Right Ventricular Outflow Tract Obstruction

Chapter: Right Ventricular Outflow Tract Obstruction
McMaster Section Editor(s): P.J. Devereaux
Section Editor(s) in Interna Szczeklika: Andrzej Budaj, Wiktoria Leśniak
McMaster Author(s): Omid Salehian
Author(s) in Interna Szczeklika: Piotr Hoffman
Additional Information

Definition, Clinical Features, Natural HistoryTop

Right ventricular outflow tract obstruction may be caused by defects of the pulmonary valve, adjacent parts of the right ventricle, and main pulmonary artery that cause obstruction of the outflow of blood from the right ventricle.

1. Classification:

1) Valvular obstruction: The most common type; usually involves an isolated defect, often as a feature of the congenital rubella syndrome, component of the tetralogy of Fallot, Noonan syndrome, or Alagille syndrome.

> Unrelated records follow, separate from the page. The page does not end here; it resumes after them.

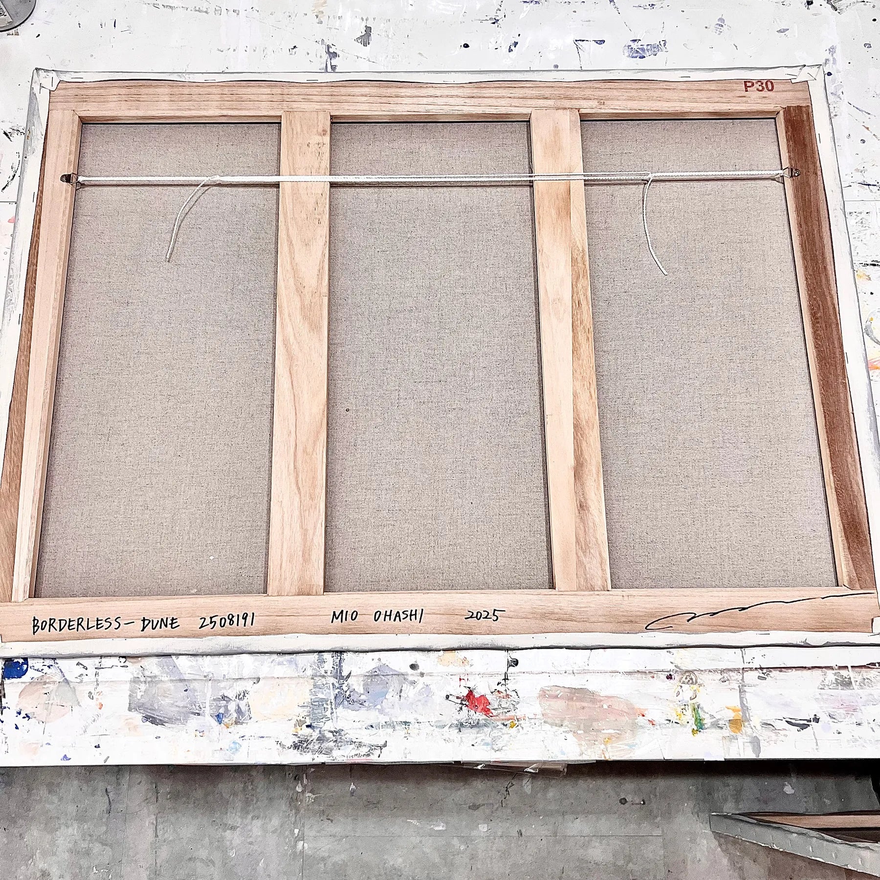 BORDERLESS - 境界を超える旅 どこまでも広がる、無限の空。はるか彼方にのびる地平線や水平線。 そこに太陽の光が差す瞬間、境界線は輝いてやさしく溶け合い、上と下の世界を隔てていた境目がなくなり、ひとつの世界になる。 そんな瞬間を表現した作品シリーズです。 抽象画のため、環境や心境などによって「どう見えるか」が変化します。 朝陽や夕陽に見えたり、海や湖に見えたり、 大地や砂丘に見えたり、空と雲に見えたりと、 光の当たり方や時間帯、飾っていただく方の心情に寄り添い、見え方が変わるのが特徴です。
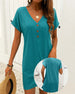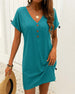 SPECIFIKATIONER Stil: Elegant Material: Bomull Klänningstyp: A-linje Klänning längd: Midi Urringning: V-hals_V Mönstertyp: Enfärgade Typ av ärm: Flare ärm Ärmlängd: Halvärm Detaljer: Lappverk, Urgröpande Passform typ: Vanlig Säsong: Vår, Sommar, Höst Tillfälle: Dagligen Paketet innehåller: 1 x Klänning STORLEKSTABELL(cm) Storlek...
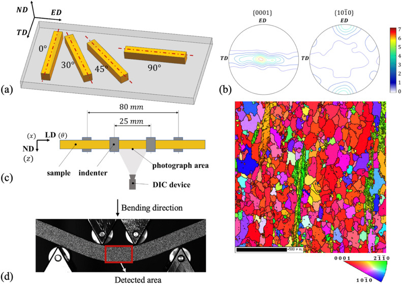 The relatively insufficient knowledge of the deformation behavior has limited the wide application of the lightest structure material-Mg alloys. Among others, bending behavior is of great importance because it is unavoidably involved in various forming processes, such as folding, stamping, etc. The hexagonal close-packed structure makes it even a strong texture-dependent behavior and even hard to capture and predict. In this regard, the bending behaviors are investigated in terms of both experiments and simulations in the current work. Bending samples with longitudinal directions inclined from the transverse direction by different angles have been prepared from an extruded AZ31 plate, respectively. The moment-curvature curves and strain distribution have been recorded in the four-point bending tests assisted with an in-situ digital image correlation (DIC) system. A crystal-plasticity-based bending-specific approach named EVPSC-BEND was applied to bridge the mechanical response to the microstructure evolution and underlying deformation mechanisms. The flow stress, texture, twin volume fraction, stress distribution, and strain distribution evolve differently from sample to sample, manifesting strong texture-dependent bending behaviors. The underlying mechanisms associated with this texture dependency, especially the occurrence of both twinning and detwinning during the monotonic bending, are carefully discussed. Besides, the simulation has been conducted to reveal the moment-inclination angle relation of the investigated AZ31 extruded plate in terms of the polar coordinate, which intuitively shows the texture-dependent behaviors. Specifically, the samples with longitudinal directions parallel to the extruded direction bear the biggest initial yielding moment.
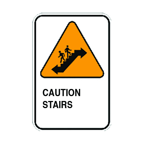 Poster – Caution stairs Dimensions: 12×18 Aluminum 064 Rounded corners Engineer grade vinyl Black outline White background, yellow and black pictogram. Price per unit
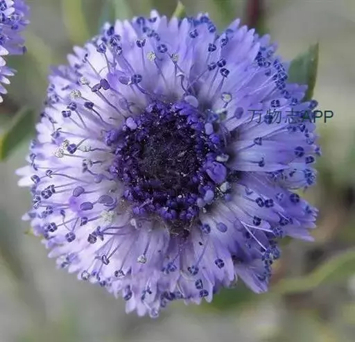 复头状花序单生茎枝顶端,直径4-5.5厘米。头状花序长2厘米。基毛长1厘米,为总苞长度之半,白色,扁毛状,不等长。外层苞片稍长于基毛,长倒披针形,上部椭圆形扩大,褐色,外面被稍稠密的短糙毛及腺点,边缘有稍长的缘毛,顶端针芒状长渐尖,爪部下部有长达4 毫米的长缘毛;中层苞片倒披针形或长椭圆形,长约1.1厘米,边缘有长缘毛,外面有稠密的短糙毛;内层披针形,长8毫米,外面被稠密的短糙毛,顶端芒齿裂或芒片裂,中间芒裂较长。全部苞片14-18个。小花淡蓝色或白色,花冠5深裂,裂片线形,花冠管无腺点或有稀疏腺点。瘦果倒圆锥状,长约7毫米,被黄色的稠密顺向贴伏的长直毛,不遮盖冠毛。冠毛量杯状,高约1.2毫米;冠毛膜片线形,边缘糙毛状,大部结合。花果期8-9月。
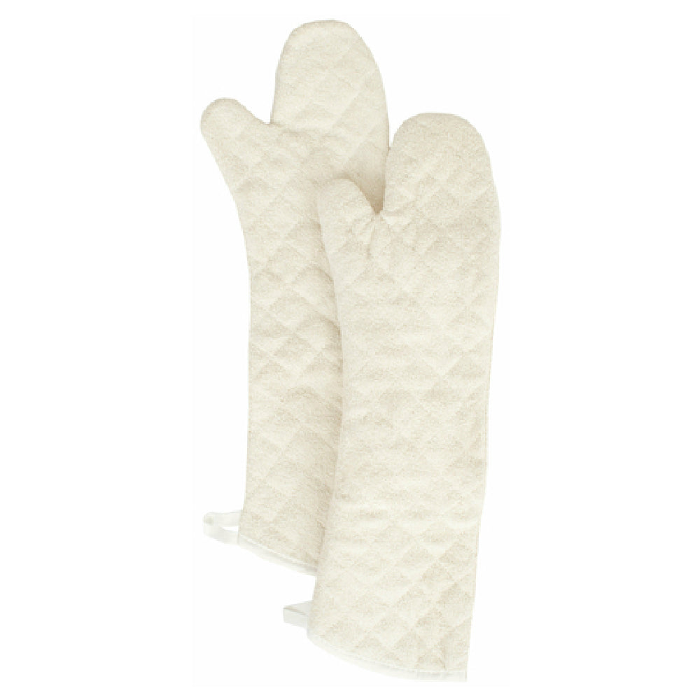 The John Ritzenthaler Company TTOM24BE Ritz® Oven Mitt Shoulder Length 24" is a meticulously designed kitchen essential for culinary professionals and home chefs who prioritize safety and performance. This oven mitt extends to a generous length of 24 inches, providing comprehensive protection for the entire arm up to the shoulder, which is particularly beneficial in high-temperature environments. It is engineered to withstand temperatures of up to 450°F, ensuring exceptional heat resistance. The mitt's silicone lining enhances its protective capabilities, offering an additional layer of safety against burns. Constructed from 100% terry, this oven mitt combines durability with comfort, making it a reliable kitchen companion. Its machine washable feature ensures easy maintenance and prolonged usability. Each pair is available in a classic beige color, catering to various aesthetic preferences in culinary spaces. The John Ritzenthaler Company TTOM24BE Ritz® Oven Mitt is an ideal choice for chefs in bustling restaurant kitchens and for catering professionals who require dependable heat protection. It is packed with convenience in mind, with 36 pairs per case, making it a practical option for those who need bulk quantities without compromising on quality and safety standards.
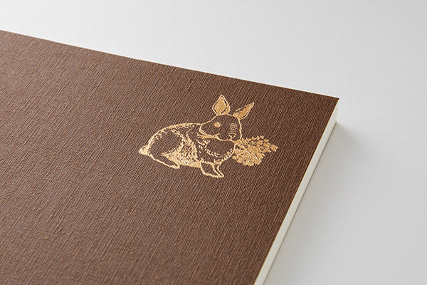 The cover features a motif of a rabbit who loves to eat, stamped in gold foil, adding a sparkling accent.
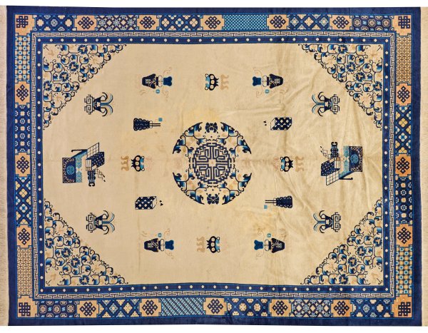 China. Wolle auf Baumwolle. Im vanillefarbenen Innenfeld zentrales Rundmedaillon sowie Musterung aus gestreuten taoistischen Symbolen. Umlaufend breite Bordüre aus unterschiedlichen Mosaikmustern, begrenzt von Reserven. 284 cm x 366 cm.
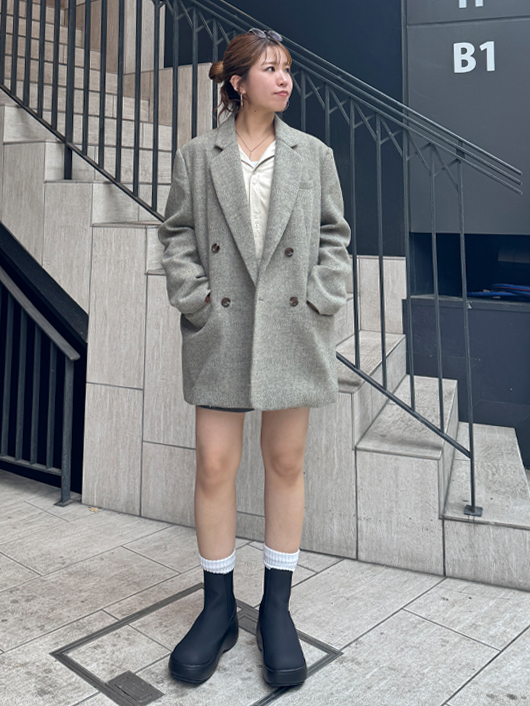 メンズライクでルーズサイジングのシルエットがかわいい1着。
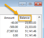 On the popup menu, select the Find option, then select Amount. The keyboard shortcut for this is [Ctrl]+[H]. Enter the amount you want to find, select the direction to look (relative to the currently highlighted line) and press [Enter]. The program will tell you if no transaction are found for that amount, otherwise it will highlight the transaction.
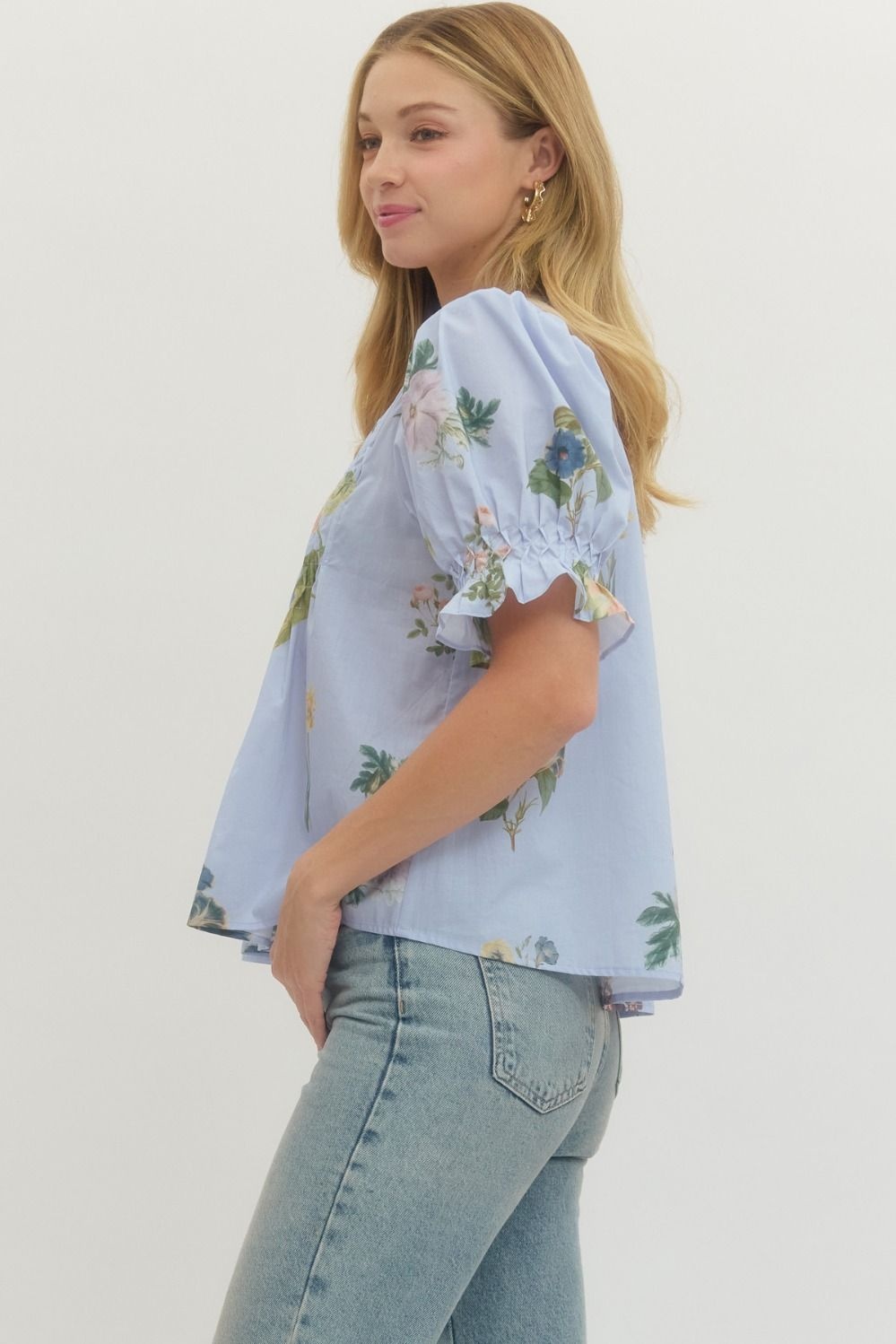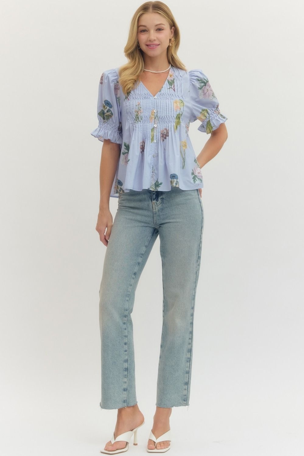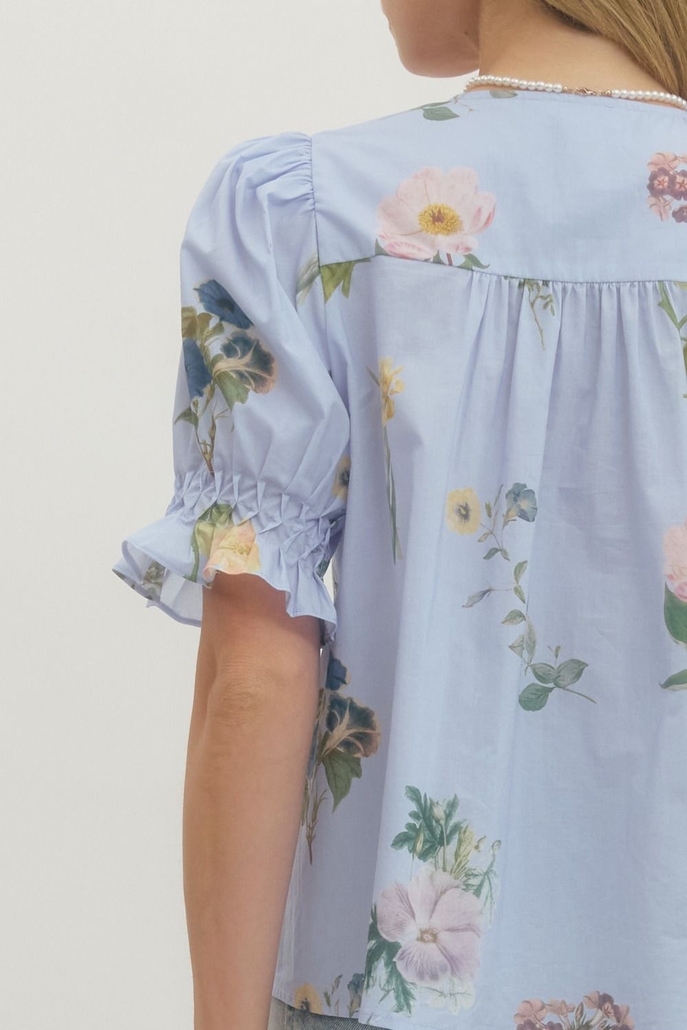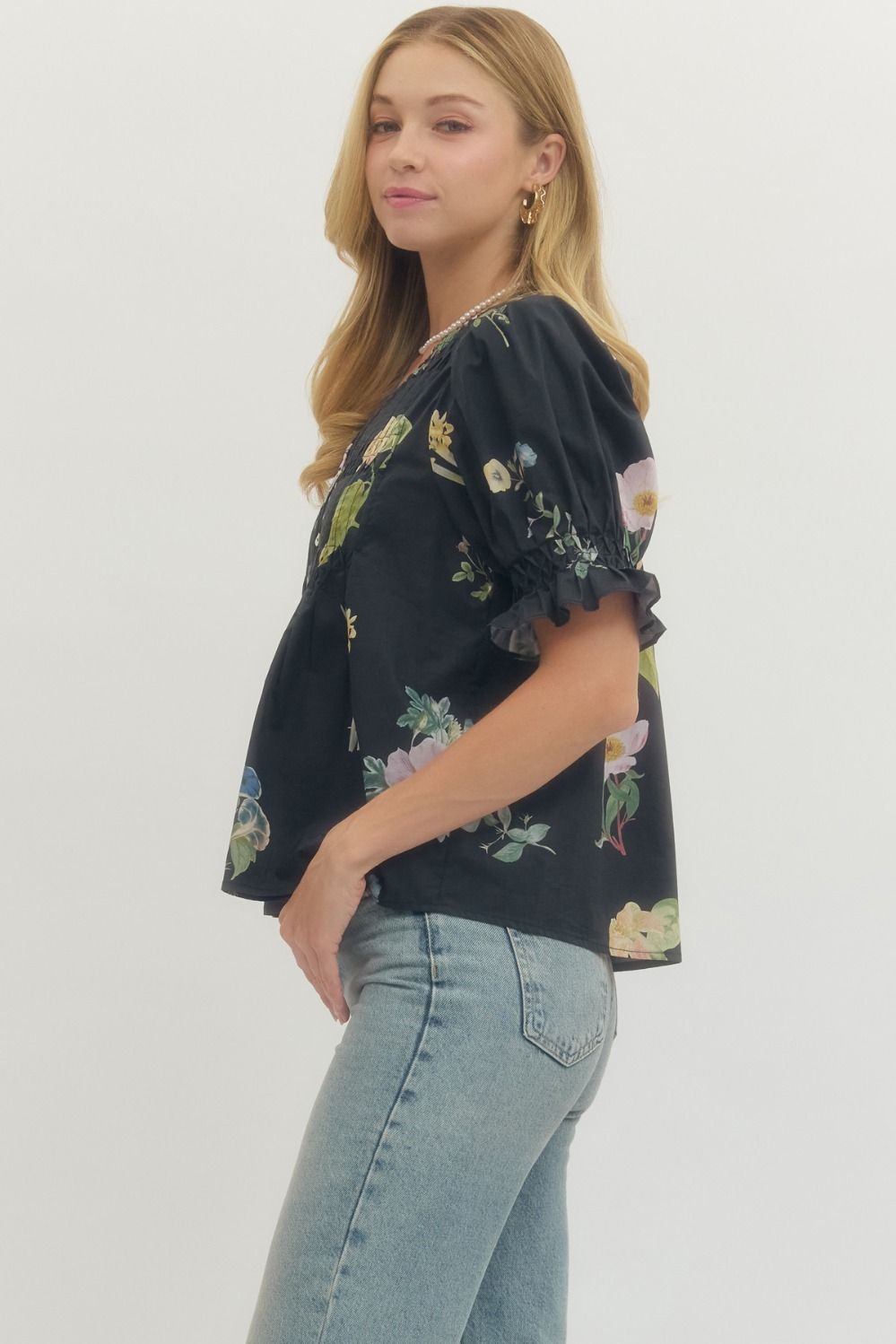 - Floral print short puff sleeve blouse featuring pintuck and smocked detail at front.

2) Subvalvular obstruction: Usually a part of complex defects, most commonly associated with ventricular septal defect, tetralogy of Fallot, and subvalvular aortic stenosis.

3) Supravalvular obstruction: Rarely an isolated defect, it may be a part of the tetralogy of Fallot, Noonan syndrome, Williams syndrome, and Alagille syndrome.

2. Symptoms: In moderate and severe stenosis, fatigue, dyspnea, chest pain, and syncope are the common presenting features.

3. Signs: In cases of severe stenosis, the jugular venous pressure reveals an augmented a wave. On auscultation, there is an ejection murmur best audible in the second intercostal space at the left sternal border and accompanied by a thrill in many patients with hemodynamically important stenosis. There is a normal first heart sound, wide-splitting (not fixed) of the second heart sound with a soft pulmonary component (in severe stenosis), and systolic ejection click that fades during inspiration (in patients with thin and mobile valve leaflets; rarely in supravalvular or subvalvular stenosis).

4. Natural history: Moderate or severe pulmonary stenosis is usually progressive; in milder forms, progression is rare in adults. Subvalvular or supravalvular stenosis causes right ventricular hypertrophy and increasing pressure gradients.


Diagnosis is mainly based on echocardiography, while differential diagnosis includes the individual morphologic forms of the disease. Echocardiography can also provide the level of obstruction(s) and presence of associated congenital defects. A measure of the severity of stenosis is the pressure gradient between the right ventricle and the main pulmonary artery:

1) Mild: <36 mm Hg.

2) Moderate: 36 to 64 mm Hg.

3) Severe: >64 mm Hg.


Right ventricular outflow tract obstruction at any level requires invasive treatment if the peak pressure gradient on Doppler imaging is >64 mm Hg (peak flow velocity >4 m/s) and the right ventricular function is normal. In valvular stenosis, percutaneous pulmonary balloon valvotomy is the procedure of choice. In subvalvular and supravalvular stenosis as well as in stenosis with calcified or dysplastic valve, surgical repair is indicated. In general, long-term survival rates in patients undergoing valvular stenosis repair are similar to those of the general population. However, individuals with significant pulmonary regurgitation after valvotomy develop symptoms related to progressive right ventricular enlargement.